At Erzinghan, some ten days ago, another Armenian called Garabet Der Garabet was also murdered. He was considered a spy of Zekki Pasha and the same agency is credited with his death. In addition to forbidding any Armenian to retain any post of Administrative employ, these even try to extort money from the richer Armenians, one man having, three days ago, been summoned to hand over three hundred pounds to their funds.
Even an Armenian youth of twenty, the only Christian student at the ‘Idadieh’ College here has, this week, had an anonymous letter put into his hand when he was standing alone at the door of the establishment, threatening him with death from the same hands which had recently killed Artin Effendi if he did not leave the school at once.
These cases will suffice to show the audacity and determination of the dangerous faction the authorities have now to deal with.”
The British reported on such instances: In one, Ottoman forces found 34 Mauser rifles and 1,000 cartridges in “the village of Sitaouk, about ten miles distant from Erzeroum.” It was alleged the weapons were needed for defense, but all the rifles had “recently been smuggled from the Russian frontier, and they are all without stocks, apparently for convenience of transport and concealment.” They were being hidden in one Armenian house. The villagers, according to the British consul, had always been individually armed. This appears to have been a cache of arms, waiting for later use, not self – defense. FO 195/1985 – British Consul to Erzurum, Sir Robert W Graves dispatch to the British Ambassador to Ottoman Empire Sir Phillip H. Currie, 12 April 1897
Armenian sources informing foreign press on what’s to come. Also admitting, prior terrorist acts have been committed by the Armenian Committee, and they say “they are determined to resort to every possible means…” Similar press releases circulated 1 year earlier in 1896.

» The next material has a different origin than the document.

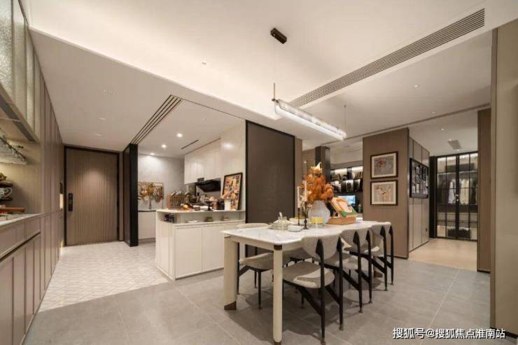 此外,室内还大量运用雅士白大理石、大花白岩板、皇家孔雀岩板、水纹夹丝玻璃、仿洞石岩板、卡拉卡塔白岩板、灰色皮革等定制材质,以华润置地独有的“五奢体系”,彰显着对高品质生活的极致追求

The Wichita Daily Eagle / August 22, 1897
READY FOR REVOLUTION
Constantinople, Aug. 21 – The foreign ambassadors here have received a circular letter from the Armenian Dashnak-Seitum committee almost identical with that sent them in 1896, declaring thats the Armenians are tired of waiting & resolved to take action for the redress of their grievances.
Geneva, Aug. 21 – The Grosnat, the organ of the Constantinople committee of the Armenian revolutionary federation, which is printed here, asserts that the recent explosions in Constantinople were the works of the committee, and says the committee is directing the movements of the parties who are fighting the Turks in the vilayet of Van. “We are obliged,” the Groshat says, “to resort to every possible means to carry on the struggle against such overwhelming odds. Revolution is the only resource left us”

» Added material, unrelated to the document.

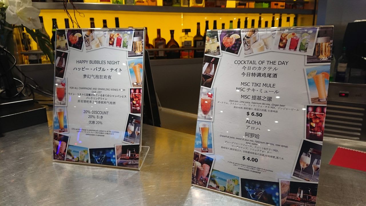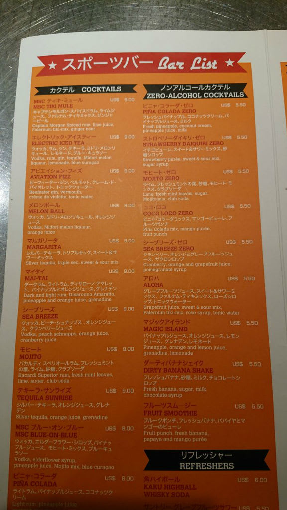 夜用のスーツに着替えたら、ちょっと喉が渇いたのでデッキ7にある「スポーツバー」にやってきました。

Christapor Mikaelian (October 18, 1859 – March 1, 1905) born in Agulis (Russian Empire) was one of the three founders of the Armenian Revolutionary Federation along Stepan Zorian and Simon Zavarian. Mikaelian is the mastermind of the Yildiz assassination attempt aimed at killing the Ottoman Sultan. The Armenian Revolutionary Federation (Dashnak) members, led by ARF founder Christapor Mikaelian, secretly started producing explosives and planning the operation in Sofia, Bulgaria. During planning, the explosives were made at the improvised bomb-making factory in the village of Sablyar, near the Bulgarian town of Kyustendil.
Christapor Mikaelian, alongside his friend Vramshabouh Kendirian, died in an accidental explosion. Despite losing the instigators of the operation, it continued as planned. Abdul Hamid would pray every Friday at the Yildiz mosque and would usually leave around the same time each time, creating a pattern in his movement. Taking advantage of this, the ARF planned to hide timed explosives in a carriage parked outside the mosque which were to explode at the time that Abdul Hamid would leave the mosque. It was decided that Zareh, a militia and participant in the Ottoman Bank takeover, would drive the carriage.

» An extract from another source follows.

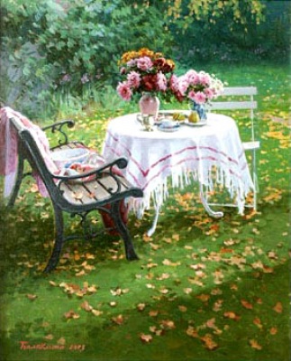 На зелёной лужайке в удобном кресле сидит красивая девушка. Она подобрала ноги «под себя» и прикрыла их мягким пледом. Закрыв глаза солнцезащитными очками, она настойчиво подставляет лицо осенним лучам нежного октябрьского солнца.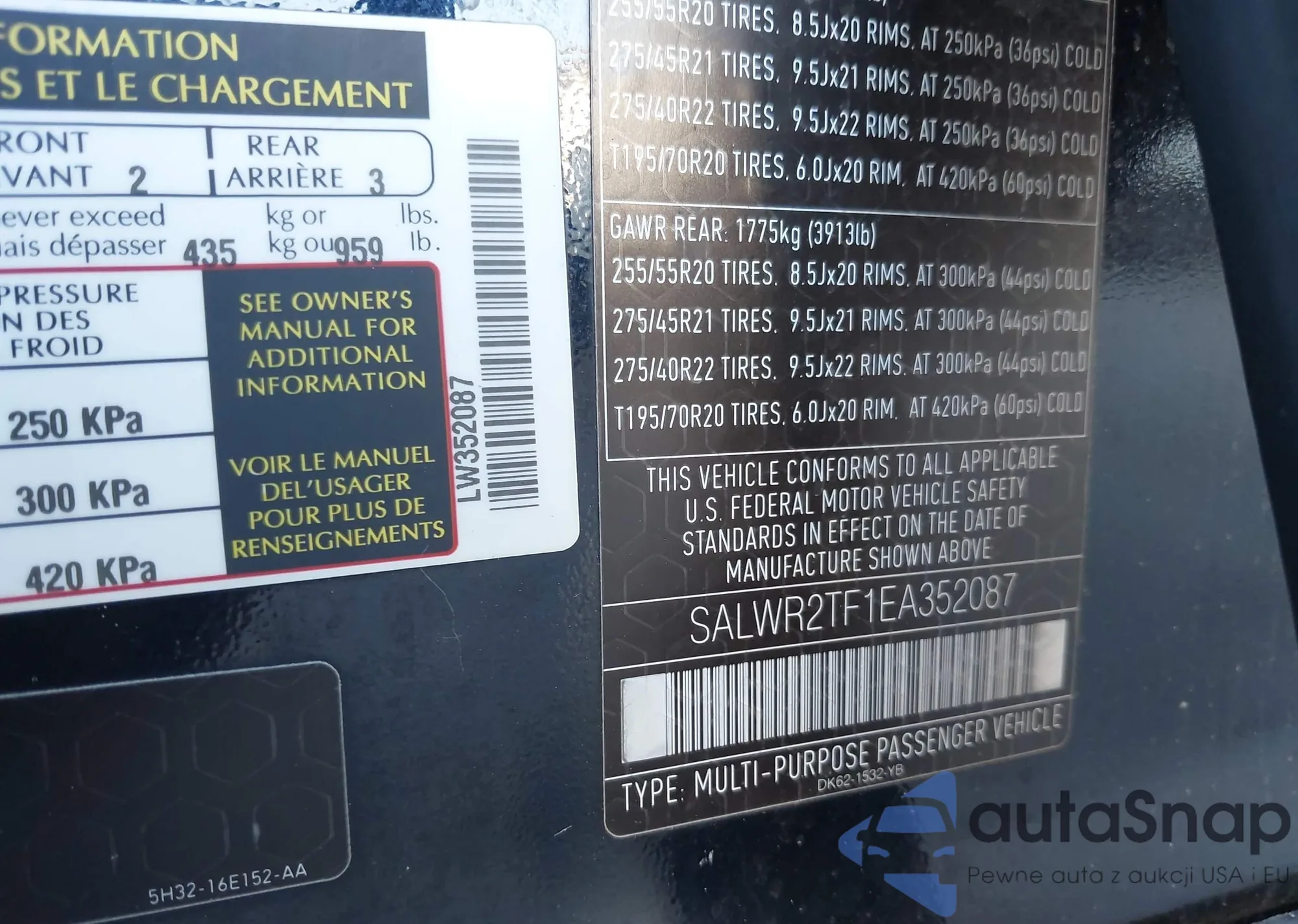 • VIN: SALWR2TF1EA352087

On July 21, 1905, Zareh drove the carriage in front of the mosque. He set the timer for a planned 42 seconds. Abdul Hamid failed to show up because he got caught in a conversation with the Sheikh ul-Islam. The bomb was thrown at the Sultan but he escaped injury. The bomb went off killing many with it including Zareh. The Sultan arrived a few minutes later than planned. 26 members of the Sultan’s service died. 58 from his service, as well as civilians in attendance, were wounded. In the ensuing investigation other plots were unearthed…
Mainstream western scholarship maintains that the Armenian insurrection of 1915 was never an actual threat to the security of the Ottoman state in the First World War and that the relocation of the Armenians of eastern Anatolia was unnecessary. In truth, it was quite exactly the opposite as it has been emphasized & confirmed with great pride by the Armenian leaders on many occasions. An armed force of 200,000 strong within any state, supported, equipped, fed, coordinated by enemy armies to fight against its own country is outright unconventional war. Armenian volunteer units, also known as the Armenian volunteer corps were Armenian battalions in Imperial Russian, French, British Armies prior to and during the World War I.
First Prime Minister of the Independent Armenian Republic
THE ARMENIAN REVOLUTIONARY FEDERATION
(DASHNAGTZOUTIUN) MANIFESTO / April 1923 (excerpts)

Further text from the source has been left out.